→ **About this exercise**:
Start at the line with "淘宝芭蕾舞蹈服女夏吊带拼网连体服成人体操练功服高胯舞服练功艺考服" in the records below, stop at the line with "4、獲取技能后回到戰斗頁面,顯示擊殺數等", and return every line in that span exactly, the two end lines included.

→ **Record extracts**:
= Beginning of Section =

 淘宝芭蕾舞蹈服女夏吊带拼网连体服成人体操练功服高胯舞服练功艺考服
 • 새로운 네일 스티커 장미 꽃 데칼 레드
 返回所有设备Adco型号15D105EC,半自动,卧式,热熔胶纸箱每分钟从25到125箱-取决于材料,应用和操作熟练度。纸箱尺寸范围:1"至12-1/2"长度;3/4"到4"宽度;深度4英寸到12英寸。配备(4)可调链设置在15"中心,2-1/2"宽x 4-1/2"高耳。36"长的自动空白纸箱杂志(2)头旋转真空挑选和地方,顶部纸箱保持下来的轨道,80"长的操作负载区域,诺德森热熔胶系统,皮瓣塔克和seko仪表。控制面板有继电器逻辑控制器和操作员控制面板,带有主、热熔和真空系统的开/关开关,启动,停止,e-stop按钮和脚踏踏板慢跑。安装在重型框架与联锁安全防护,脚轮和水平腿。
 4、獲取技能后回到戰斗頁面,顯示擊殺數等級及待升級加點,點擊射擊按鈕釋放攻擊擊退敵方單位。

= End of Section =
= Beginning of Section =

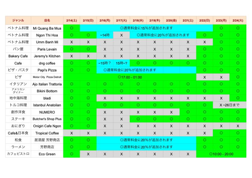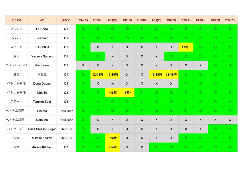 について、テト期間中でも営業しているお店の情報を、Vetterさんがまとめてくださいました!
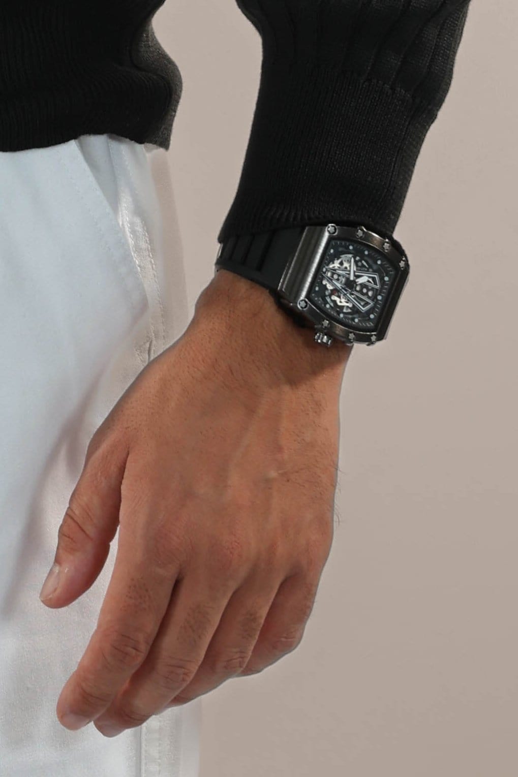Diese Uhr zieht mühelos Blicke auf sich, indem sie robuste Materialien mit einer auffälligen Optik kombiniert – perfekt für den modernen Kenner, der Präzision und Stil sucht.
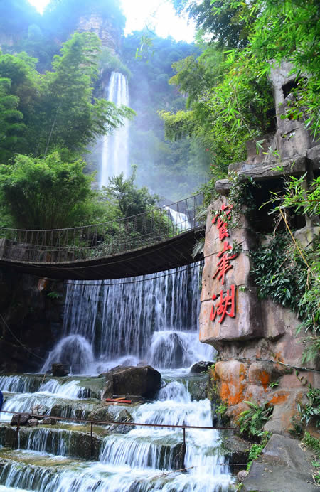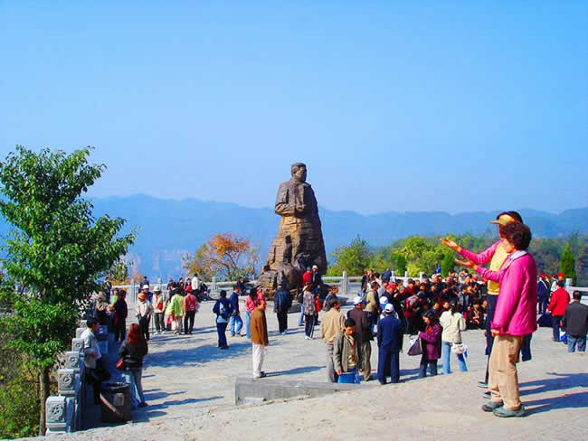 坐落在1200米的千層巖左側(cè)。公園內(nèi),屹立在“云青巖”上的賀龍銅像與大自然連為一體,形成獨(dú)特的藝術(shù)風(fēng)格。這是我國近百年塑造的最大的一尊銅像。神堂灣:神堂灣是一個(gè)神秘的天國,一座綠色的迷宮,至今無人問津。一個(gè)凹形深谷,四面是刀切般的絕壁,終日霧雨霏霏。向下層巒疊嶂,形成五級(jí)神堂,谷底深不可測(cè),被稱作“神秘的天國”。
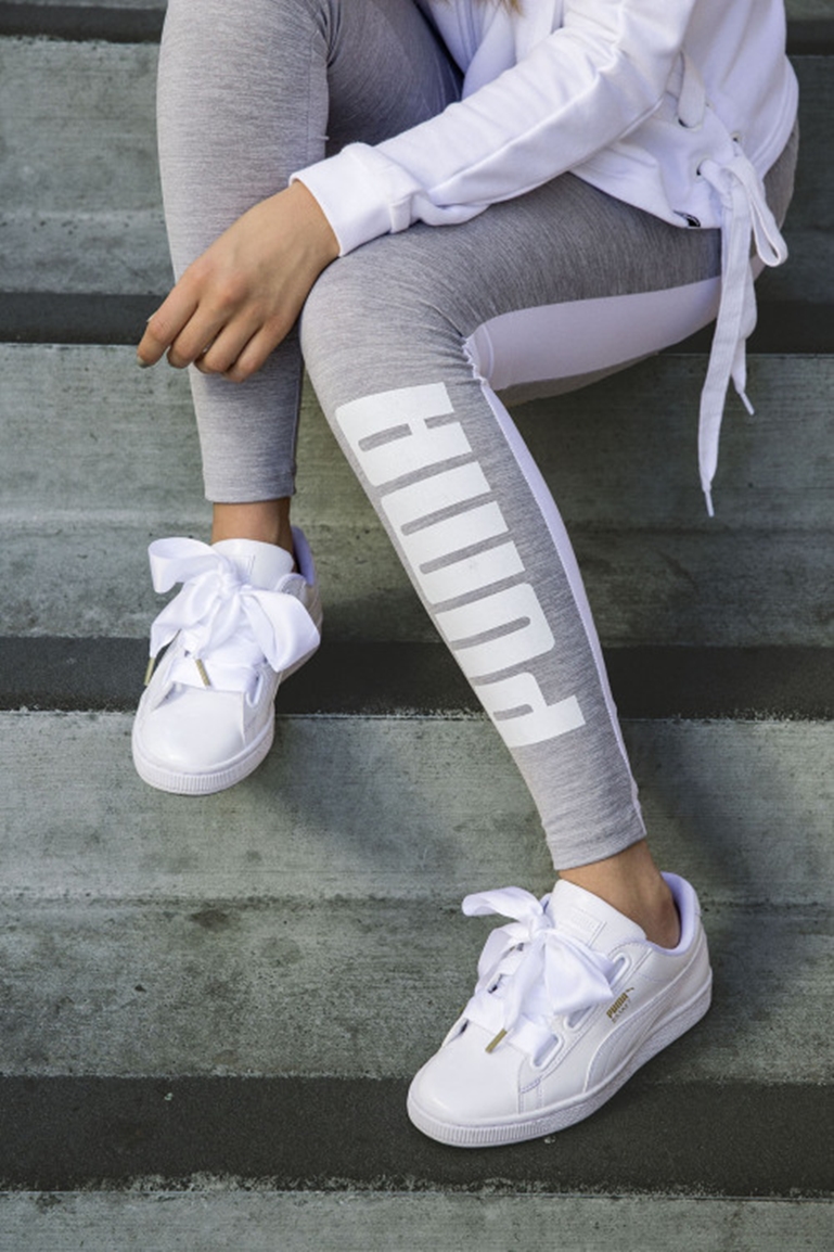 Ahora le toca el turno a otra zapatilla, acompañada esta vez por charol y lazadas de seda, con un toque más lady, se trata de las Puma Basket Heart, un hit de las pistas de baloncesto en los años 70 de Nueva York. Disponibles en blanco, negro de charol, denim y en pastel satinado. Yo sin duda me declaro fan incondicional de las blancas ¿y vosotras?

= End of Section =
= Beginning of Section =

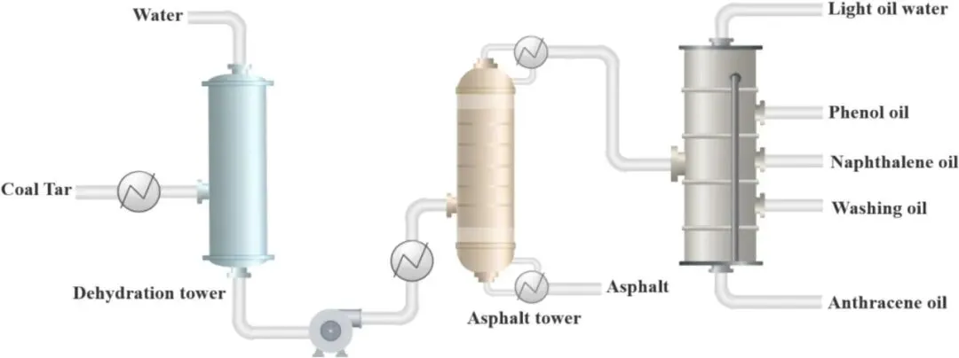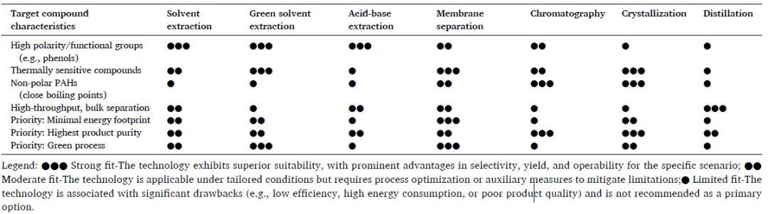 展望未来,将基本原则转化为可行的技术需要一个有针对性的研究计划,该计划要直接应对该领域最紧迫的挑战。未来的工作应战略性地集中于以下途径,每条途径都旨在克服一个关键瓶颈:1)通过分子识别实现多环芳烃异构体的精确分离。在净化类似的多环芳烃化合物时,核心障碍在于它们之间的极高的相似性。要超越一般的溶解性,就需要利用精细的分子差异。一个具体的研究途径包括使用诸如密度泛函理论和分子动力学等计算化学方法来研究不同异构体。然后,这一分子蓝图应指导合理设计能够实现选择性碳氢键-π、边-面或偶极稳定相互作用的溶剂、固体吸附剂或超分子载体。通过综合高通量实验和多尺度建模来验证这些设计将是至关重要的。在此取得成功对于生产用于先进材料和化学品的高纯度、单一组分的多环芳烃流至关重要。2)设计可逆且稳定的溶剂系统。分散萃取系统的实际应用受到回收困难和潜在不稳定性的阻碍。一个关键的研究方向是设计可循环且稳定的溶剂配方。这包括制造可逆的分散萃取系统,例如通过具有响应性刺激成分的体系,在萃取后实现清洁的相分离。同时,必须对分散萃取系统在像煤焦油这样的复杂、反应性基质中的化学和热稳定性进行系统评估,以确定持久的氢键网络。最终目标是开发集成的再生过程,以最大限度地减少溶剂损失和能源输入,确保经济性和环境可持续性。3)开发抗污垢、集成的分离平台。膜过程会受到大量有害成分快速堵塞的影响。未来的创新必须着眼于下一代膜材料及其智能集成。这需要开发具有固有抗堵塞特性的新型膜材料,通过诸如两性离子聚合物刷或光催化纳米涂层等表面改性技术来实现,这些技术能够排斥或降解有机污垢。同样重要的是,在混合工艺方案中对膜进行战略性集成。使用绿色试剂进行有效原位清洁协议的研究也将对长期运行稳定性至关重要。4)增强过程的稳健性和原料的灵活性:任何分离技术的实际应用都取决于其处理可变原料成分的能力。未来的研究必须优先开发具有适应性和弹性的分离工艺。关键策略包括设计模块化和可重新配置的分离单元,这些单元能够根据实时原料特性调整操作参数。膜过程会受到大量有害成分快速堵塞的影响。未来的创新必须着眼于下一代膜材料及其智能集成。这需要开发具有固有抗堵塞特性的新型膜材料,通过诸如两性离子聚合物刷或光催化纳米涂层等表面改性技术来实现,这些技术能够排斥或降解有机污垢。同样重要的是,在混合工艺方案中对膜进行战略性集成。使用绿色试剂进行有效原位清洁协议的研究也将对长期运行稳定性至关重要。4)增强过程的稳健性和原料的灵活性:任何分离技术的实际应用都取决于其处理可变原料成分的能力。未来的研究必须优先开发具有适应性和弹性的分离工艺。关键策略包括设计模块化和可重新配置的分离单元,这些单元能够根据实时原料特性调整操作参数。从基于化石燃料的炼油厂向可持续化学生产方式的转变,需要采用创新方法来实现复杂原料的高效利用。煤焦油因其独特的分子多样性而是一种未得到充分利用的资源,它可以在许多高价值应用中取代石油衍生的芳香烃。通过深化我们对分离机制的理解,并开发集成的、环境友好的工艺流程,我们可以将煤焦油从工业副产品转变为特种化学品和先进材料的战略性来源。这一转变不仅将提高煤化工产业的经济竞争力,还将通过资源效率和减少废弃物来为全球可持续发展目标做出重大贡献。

= End of Section =

→ **Task result**:
 淘宝芭蕾舞蹈服女夏吊带拼网连体服成人体操练功服高胯舞服练功艺考服
 • 새로운 네일 스티커 장미 꽃 데칼 레드
 返回所有设备Adco型号15D105EC,半自动,卧式,热熔胶纸箱每分钟从25到125箱-取决于材料,应用和操作熟练度。纸箱尺寸范围:1"至12-1/2"长度;3/4"到4"宽度;深度4英寸到12英寸。配备(4)可调链设置在15"中心,2-1/2"宽x 4-1/2"高耳。36"长的自动空白纸箱杂志(2)头旋转真空挑选和地方,顶部纸箱保持下来的轨道,80"长的操作负载区域,诺德森热熔胶系统,皮瓣塔克和seko仪表。控制面板有继电器逻辑控制器和操作员控制面板,带有主、热熔和真空系统的开/关开关,启动,停止,e-stop按钮和脚踏踏板慢跑。安装在重型框架与联锁安全防护,脚轮和水平腿。
 4、獲取技能后回到戰斗頁面,顯示擊殺數等級及待升級加點,點擊射擊按鈕釋放攻擊擊退敵方單位。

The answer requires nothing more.